L’Ethiopie est de nouveau en état d’urgence, qu’en pensez-vous? C'est ce qui faisait le plus peur à certains d'entre nous. Je ne crois pas que ce soit de nature à régler la crise politique que traverse ce pays, en aucune manière. L'état d'urgence signifie qu'on t'empêche de mener tes activités. J'ai par exemple été détenu parce que les autorités ont affirmé que je n'avais pas respecté l'état d'urgence en voyageant en Europe pour être auditionné par le Parlement européen [le 9 novembre 2016]. L'état d'urgence, ce sont des détentions, des tueries… Vous savez, des milliers et des milliers d'Oromos ont été emprisonnés à cause de cette mesure, donc ce n'est vraiment pas une bonne nouvelle.
MERERA GUDINA PRÉSIDENT DU CONGRÈS FÉDÉRALISTE OROMO «Les Ethiopiens refusent désormais d’être dirigés «à l’ancienne» par le parti au pouvoir»
Craignez-vous un coup d’Etat militaire? La mise en oeuvre de l'état d'urgence se fait, sans aucun doute, à travers les structures militaire et sécuritaire. Qu'on le qualifie de «coup» ou autrement, ce n'est rien d'autre que l'usage illimité de la force pour «pacifier» le peuple. Je ne pense pas que ce soit un «coup d'Etat» dans le sens où c'est le parti au pouvoir qui le met en oeuvre. Cela pourrait en revanche être un coup «contre l'Etat», mais pas contre le parti (sourire).
Que pensez-vous de la situation actuelle, et notamment de la démission du premier ministre? Le pays est à un tournant majeur. Pas à cause de la démission d'Hailemariam Desalegn, mais parce que la crise politique va crescendo. Les Ethiopiens ont atteint un point où ils refusent désormais d'être dirigés «à l'ancienne» par le parti au pouvoir.
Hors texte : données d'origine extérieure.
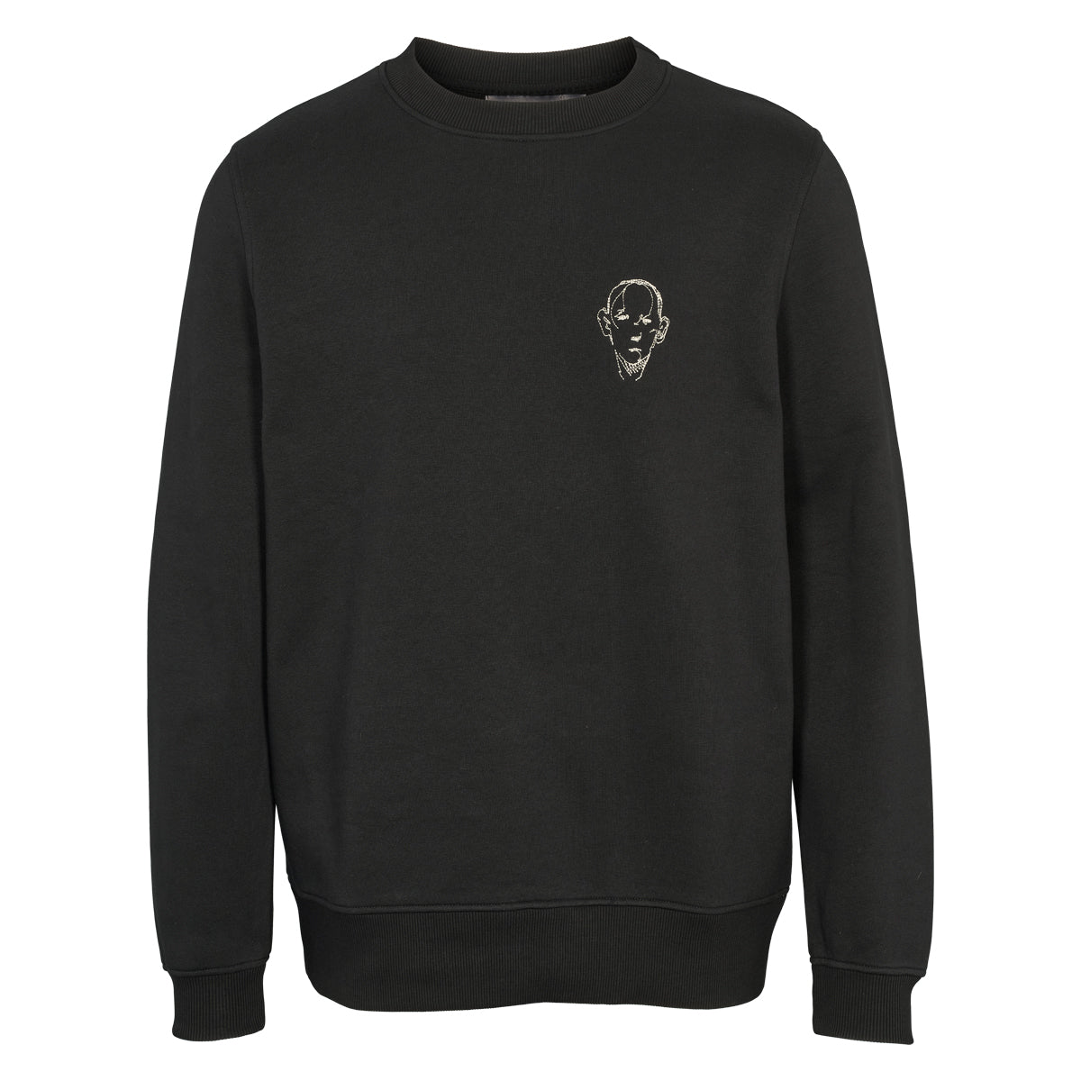 Super fed og unik sweat trøje med et broderi på brystet og et stort print på ryggen.
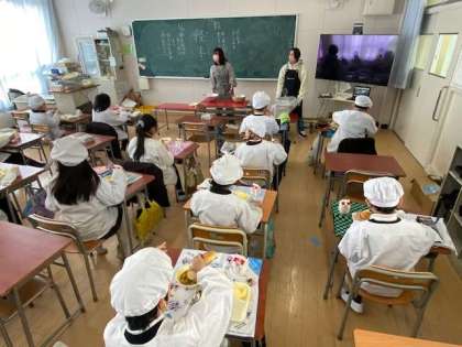カレー煮には、玉ねぎ、人参以外に、大根、しめじ、枝豆を調理しています。野菜は風邪をひきにくくする体を作る栄養が多く含まれていると言われています。寒い日が続きます。栄養バランスが良い給食をしっかりと食べてくださいね。

Pourquoi pensez-vous qu’Hailemariam Desalegn a démissionné? Est-ce parce qu’il est trop libéral et voulait des réformes? Il est évident qu'Hailemariam n'a pas l'autorité de l'ancien premier ministre [Meles Zenawi, décédé en 2012], donc cette démission peut être la conséquence de pressions du parti au pouvoir ou ça peut bien être n'importe quoi d'autre, pour nous ce n'est pas si important.
Ce n’est pas une nouvelle importante? Non vraiment pas. Pas pour nous. Ce qui est important, c'est la prochaine étape à l'intérieur de la coalition au pouvoir, le Front démocratique révolutionnaire des peuples éthiopiens (FDRPE). Il a commencé à libérer les prisonniers politiques, mais on attend beaucoup plus.
C’est-à-dire? L'ouverture de l'espace politique, de véritables négociations avec les forces politiques qui bénéficient d'un soutien de la population, des négociations à propos du Bureau national des élections pour en faire une institution réellement indépendante et neutre et, enfin, la préparation d'élections libres et justes [programmées en 2020].
Y aura-t-il une grande coalition oromo? Si oui, que deviennent les Amharas, les Tigréens et les autres «nationalités» éthiopiennes dans le futur partage du pouvoir? L'aspiration commune des peuples de ce pays, et pas seulement des Oromos, c'est la démocratisation de l'Etat éthiopien. Cela inclut bien sûr l'opposition tigréenne [les Tigréens dominent la coalition FDRPE au pouvoir depuis 1991], et on travaille avec eux. Par exemple, Medrek [coalition dont fait partie le CFO de Merera Gudina] est une alliance de quatre partis, dont l'un est tigréen. Donc la question d'une grande coalition oromo contre les autres, ou d'une grande coalition amhara contre les autres, ne se pose pas. Les vraies questions sont donc: l'Etat éthiopien peut-il se démocratiser? Le parti au pouvoir a-t-il la volonté politique de le faire?
Il y a eu des négociations l’an dernier avec certains partis politiques… Ces discussions concernaient uniquement des gens liés au parti au pouvoir. Il faut de vraies négociations politiques, immédiatement. Et vous y croyez? Parce que l’état d’urgence n’est pas un signe positif de ce point de vue… Non. L'Ethipopie est en crise et ils ont choisi cette manière de la gérer. Ce pays est trop grand pour un seul parti, c'est un pays de 100 millions d'habitants, tellement diversifié! Un seul parti ne peut répondre à tous les problèmes.